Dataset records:
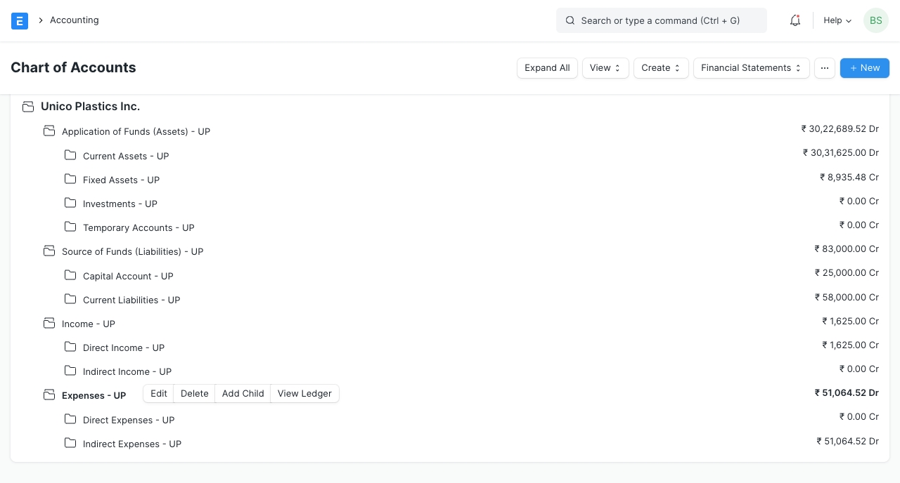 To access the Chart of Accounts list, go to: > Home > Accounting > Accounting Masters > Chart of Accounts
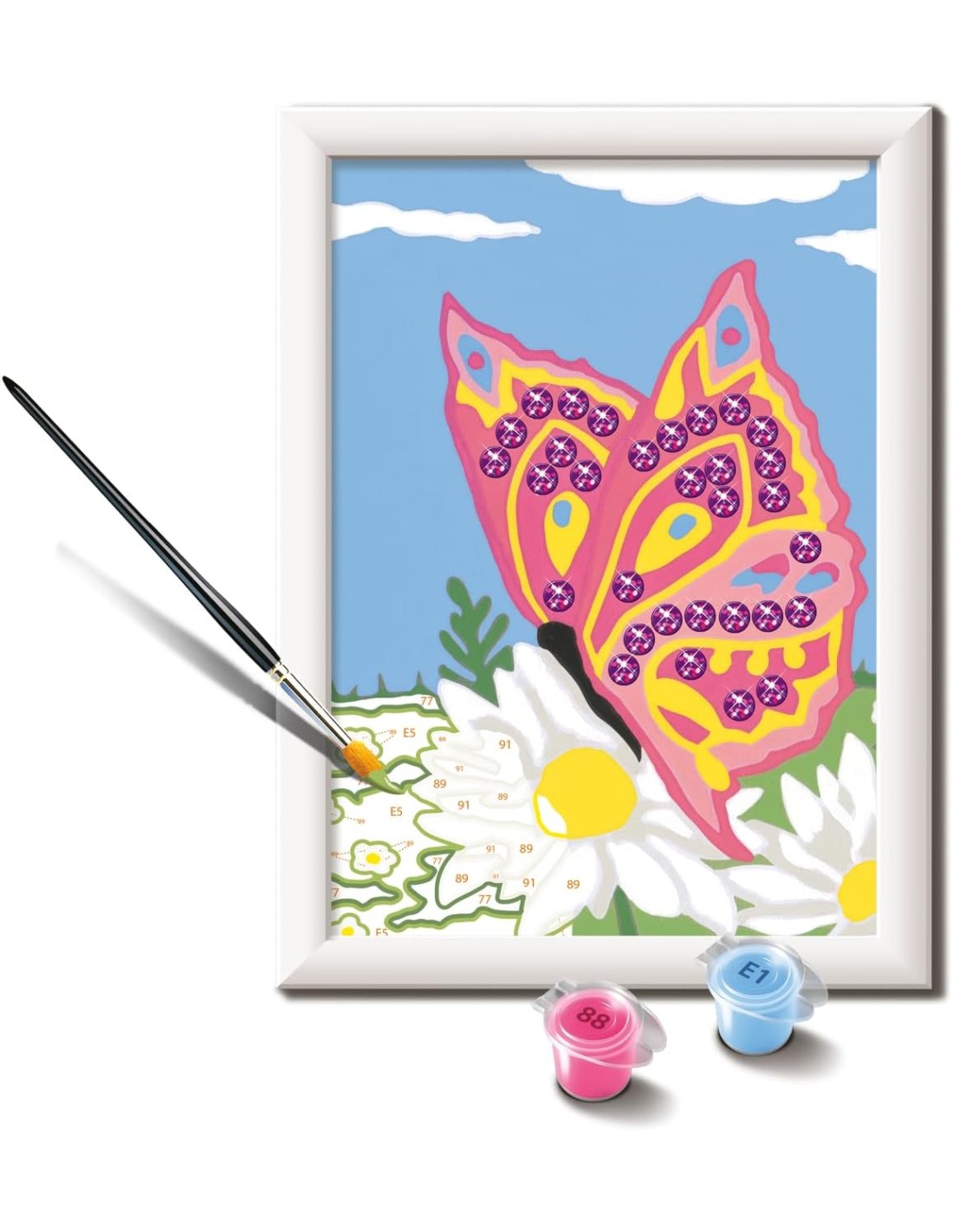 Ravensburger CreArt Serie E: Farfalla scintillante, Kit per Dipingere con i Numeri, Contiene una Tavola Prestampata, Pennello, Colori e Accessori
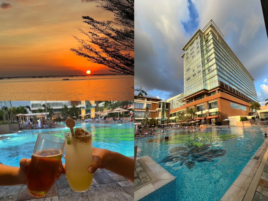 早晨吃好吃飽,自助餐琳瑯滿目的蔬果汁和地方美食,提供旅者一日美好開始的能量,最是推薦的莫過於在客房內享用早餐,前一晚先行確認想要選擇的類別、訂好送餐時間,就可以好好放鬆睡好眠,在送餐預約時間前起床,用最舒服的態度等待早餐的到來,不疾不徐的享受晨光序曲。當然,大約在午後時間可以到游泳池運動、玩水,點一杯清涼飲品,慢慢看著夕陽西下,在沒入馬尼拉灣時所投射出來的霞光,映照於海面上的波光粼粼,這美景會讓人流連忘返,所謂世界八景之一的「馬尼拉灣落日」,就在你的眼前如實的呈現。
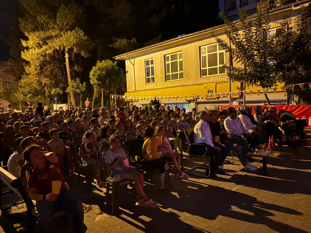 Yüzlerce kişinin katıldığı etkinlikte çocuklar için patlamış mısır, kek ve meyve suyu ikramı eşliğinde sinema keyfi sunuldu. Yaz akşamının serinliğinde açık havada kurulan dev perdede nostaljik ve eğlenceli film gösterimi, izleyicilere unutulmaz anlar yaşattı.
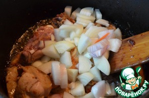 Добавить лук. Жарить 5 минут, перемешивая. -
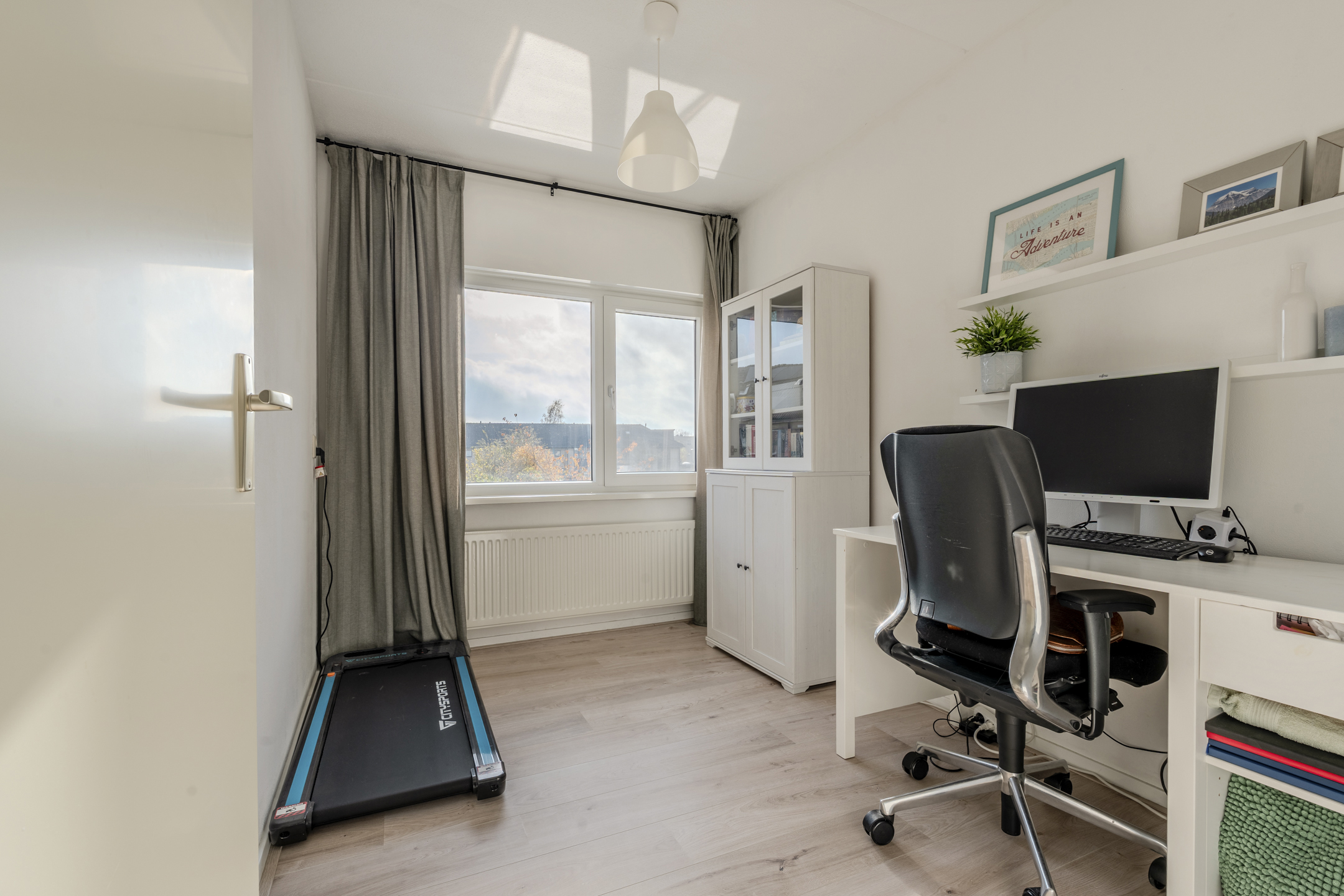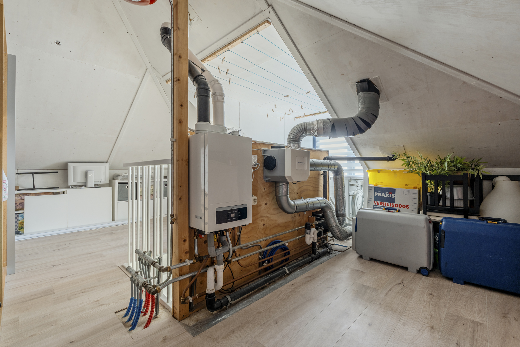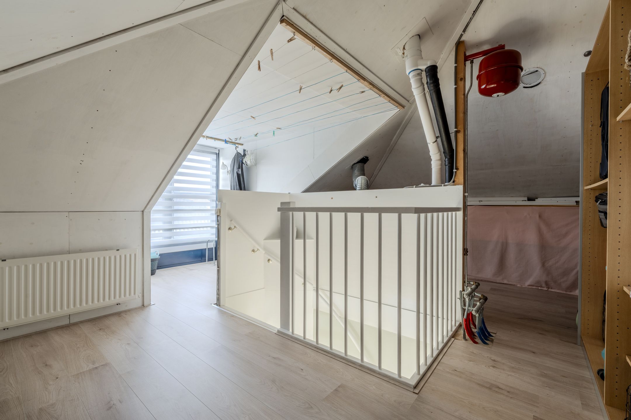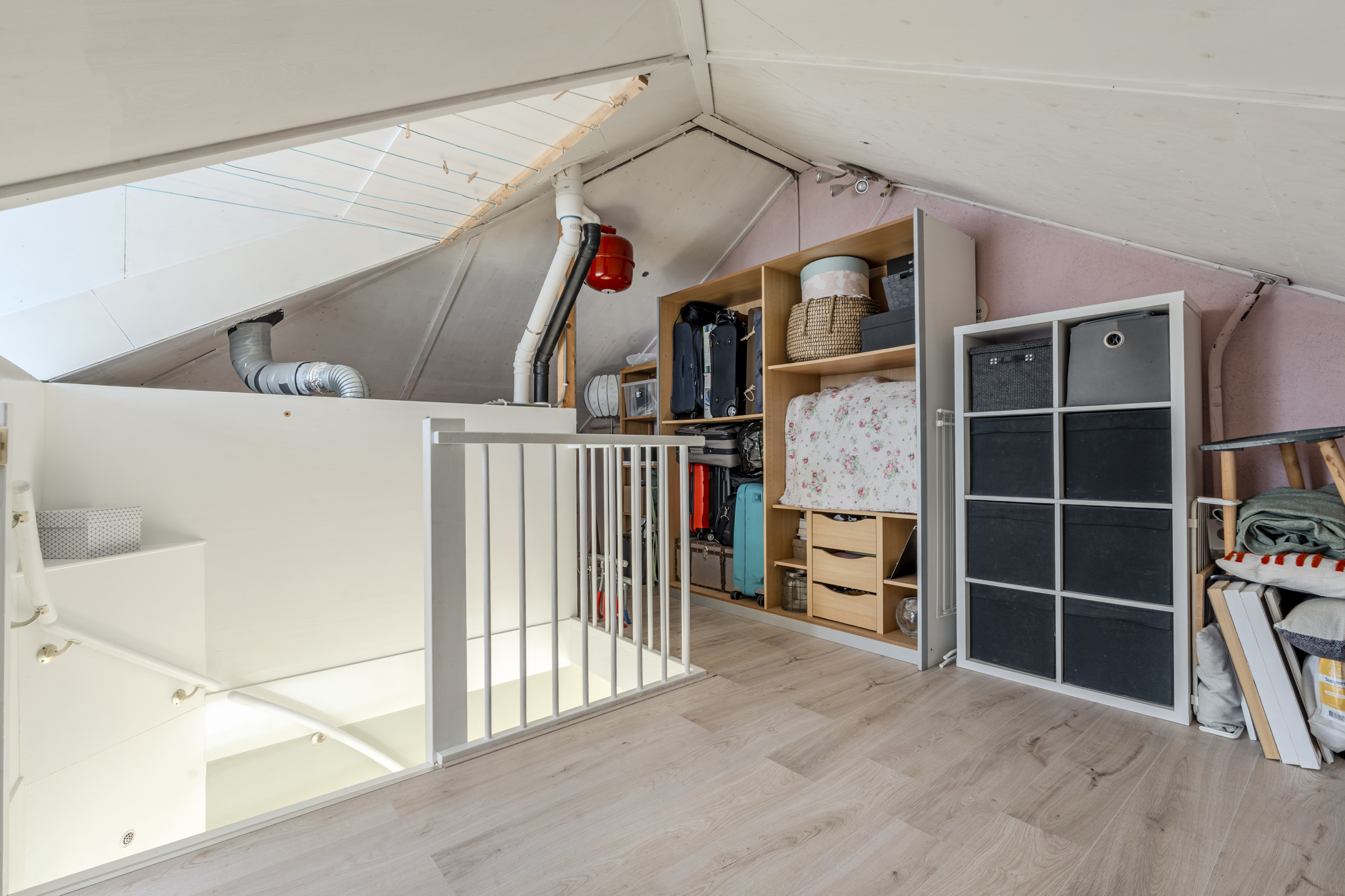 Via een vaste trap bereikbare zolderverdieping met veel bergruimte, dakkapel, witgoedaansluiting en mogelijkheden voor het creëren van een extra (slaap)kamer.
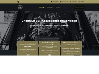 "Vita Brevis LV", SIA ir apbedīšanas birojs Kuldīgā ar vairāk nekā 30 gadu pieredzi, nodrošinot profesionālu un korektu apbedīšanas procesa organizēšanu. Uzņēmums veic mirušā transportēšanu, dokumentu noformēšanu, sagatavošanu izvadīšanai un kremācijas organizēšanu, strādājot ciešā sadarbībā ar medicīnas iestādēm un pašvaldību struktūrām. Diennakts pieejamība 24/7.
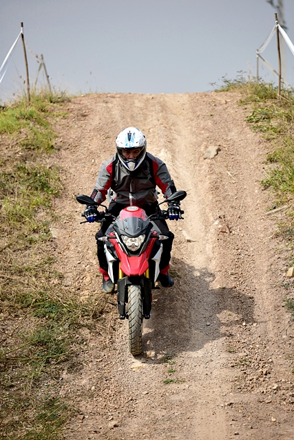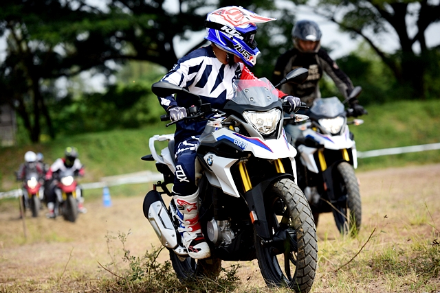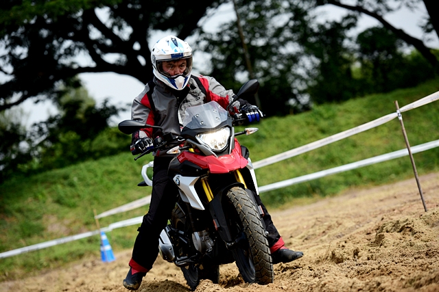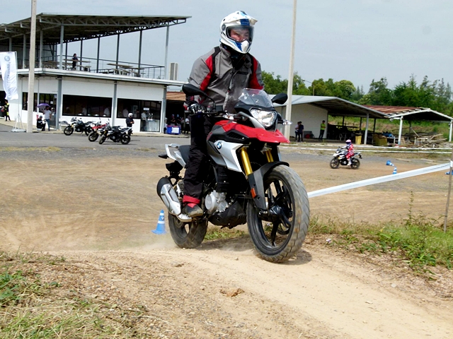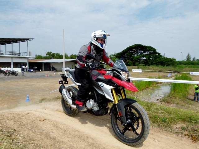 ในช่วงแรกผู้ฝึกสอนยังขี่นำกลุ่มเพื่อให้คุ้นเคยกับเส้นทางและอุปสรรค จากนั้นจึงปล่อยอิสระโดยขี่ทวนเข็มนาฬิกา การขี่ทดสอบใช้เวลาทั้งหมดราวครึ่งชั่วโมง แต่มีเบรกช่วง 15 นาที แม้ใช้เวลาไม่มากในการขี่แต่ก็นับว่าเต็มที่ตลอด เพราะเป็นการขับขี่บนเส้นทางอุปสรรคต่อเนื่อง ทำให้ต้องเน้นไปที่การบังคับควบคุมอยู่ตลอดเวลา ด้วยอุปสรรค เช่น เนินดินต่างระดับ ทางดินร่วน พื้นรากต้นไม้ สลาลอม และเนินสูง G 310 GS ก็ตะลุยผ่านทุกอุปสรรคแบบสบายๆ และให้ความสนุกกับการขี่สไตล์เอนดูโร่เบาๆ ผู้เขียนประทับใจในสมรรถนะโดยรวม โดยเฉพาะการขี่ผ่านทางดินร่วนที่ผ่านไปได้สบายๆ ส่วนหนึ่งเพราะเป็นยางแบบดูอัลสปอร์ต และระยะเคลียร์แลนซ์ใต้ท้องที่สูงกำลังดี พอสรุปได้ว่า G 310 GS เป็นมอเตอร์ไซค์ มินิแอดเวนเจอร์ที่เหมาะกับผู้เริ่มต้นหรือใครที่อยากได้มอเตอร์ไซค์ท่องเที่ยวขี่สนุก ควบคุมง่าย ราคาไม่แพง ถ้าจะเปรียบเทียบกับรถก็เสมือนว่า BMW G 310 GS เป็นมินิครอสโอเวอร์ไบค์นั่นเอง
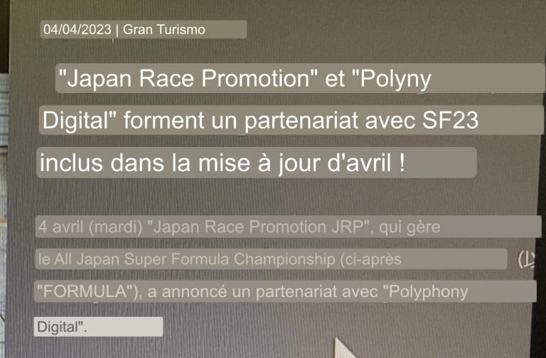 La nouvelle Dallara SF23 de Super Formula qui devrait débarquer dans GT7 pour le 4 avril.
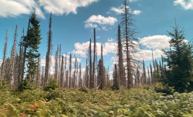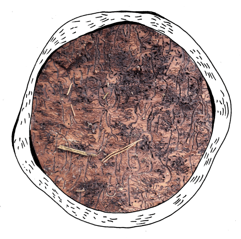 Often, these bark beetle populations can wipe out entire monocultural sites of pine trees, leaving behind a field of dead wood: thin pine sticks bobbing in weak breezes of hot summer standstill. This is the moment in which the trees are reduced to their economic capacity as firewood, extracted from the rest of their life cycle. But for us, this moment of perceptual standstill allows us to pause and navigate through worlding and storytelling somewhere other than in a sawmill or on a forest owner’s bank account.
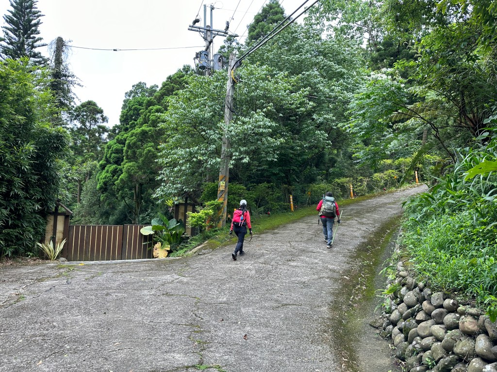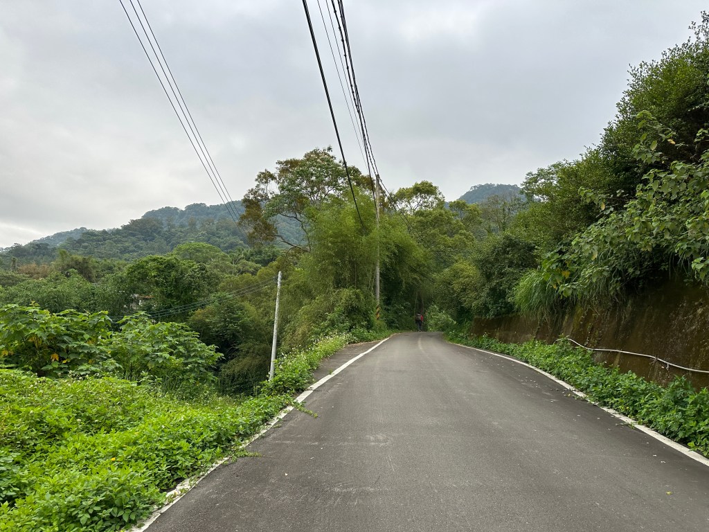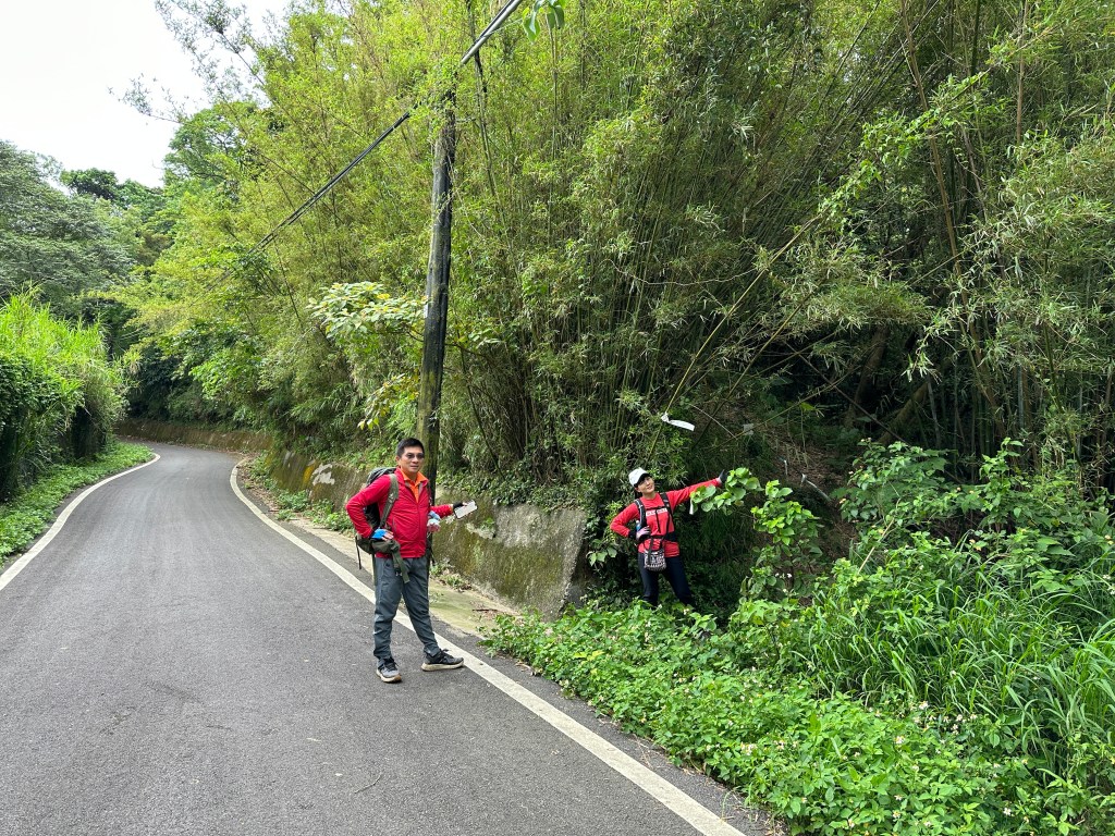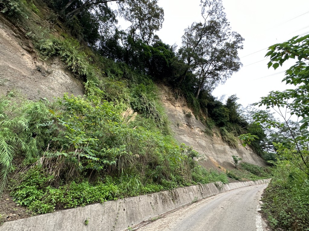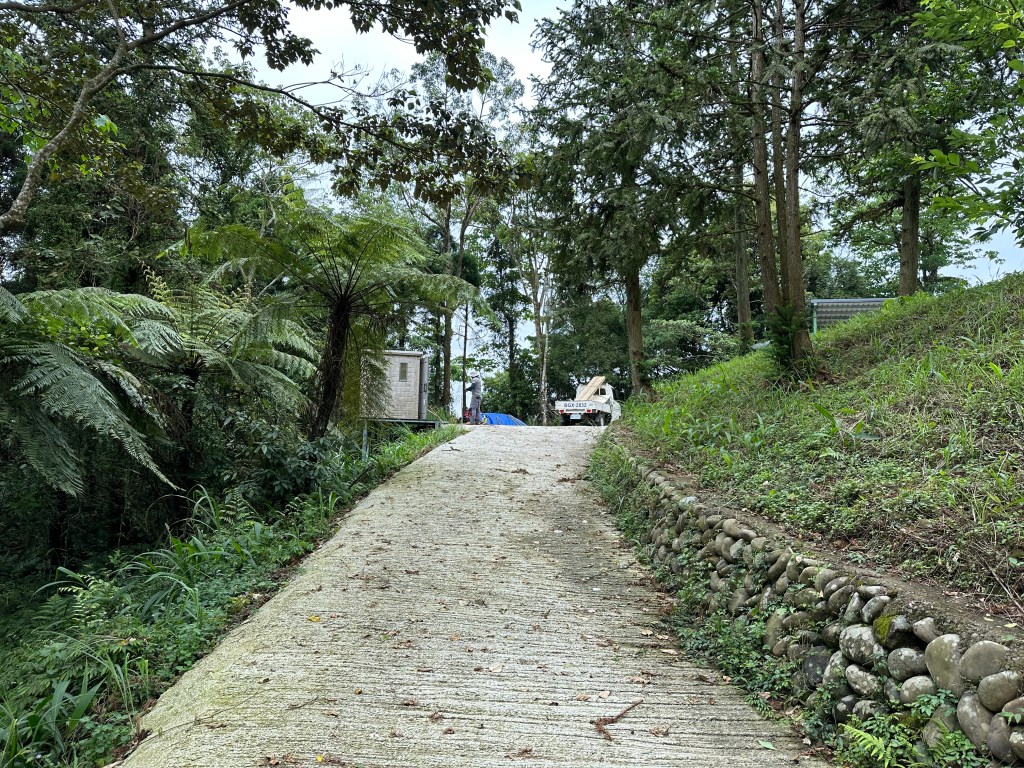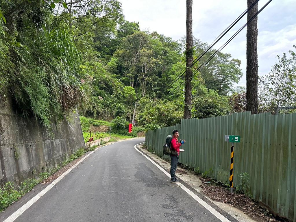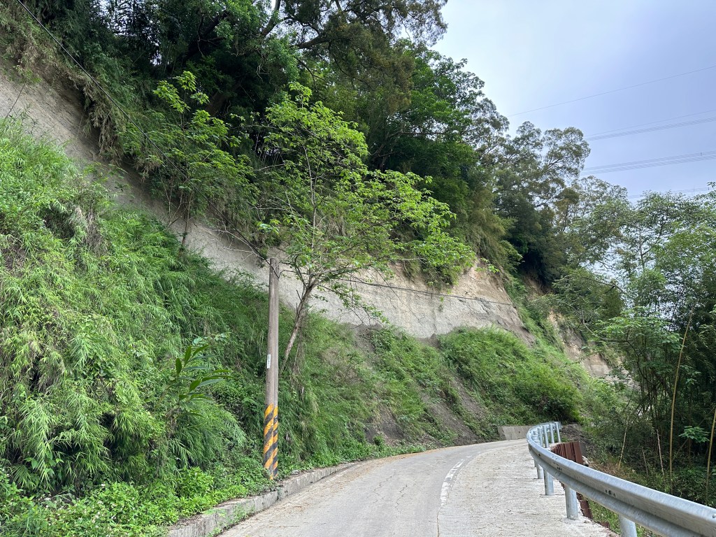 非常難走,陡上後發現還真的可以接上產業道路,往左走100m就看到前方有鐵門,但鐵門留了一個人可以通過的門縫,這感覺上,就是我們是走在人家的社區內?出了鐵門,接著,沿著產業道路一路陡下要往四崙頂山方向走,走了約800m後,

_Aim of the task:_
From the line containing "Often, these bark" down to the end of the data above, reproduce each line exactly; no pictures.

_Answer for the task:_
 Often, these bark beetle populations can wipe out entire monocultural sites of pine trees, leaving behind a field of dead wood: thin pine sticks bobbing in weak breezes of hot summer standstill. This is the moment in which the trees are reduced to their economic capacity as firewood, extracted from the rest of their life cycle. But for us, this moment of perceptual standstill allows us to pause and navigate through worlding and storytelling somewhere other than in a sawmill or on a forest owner’s bank account.
 非常難走,陡上後發現還真的可以接上產業道路,往左走100m就看到前方有鐵門,但鐵門留了一個人可以通過的門縫,這感覺上,就是我們是走在人家的社區內?出了鐵門,接著,沿著產業道路一路陡下要往四崙頂山方向走,走了約800m後,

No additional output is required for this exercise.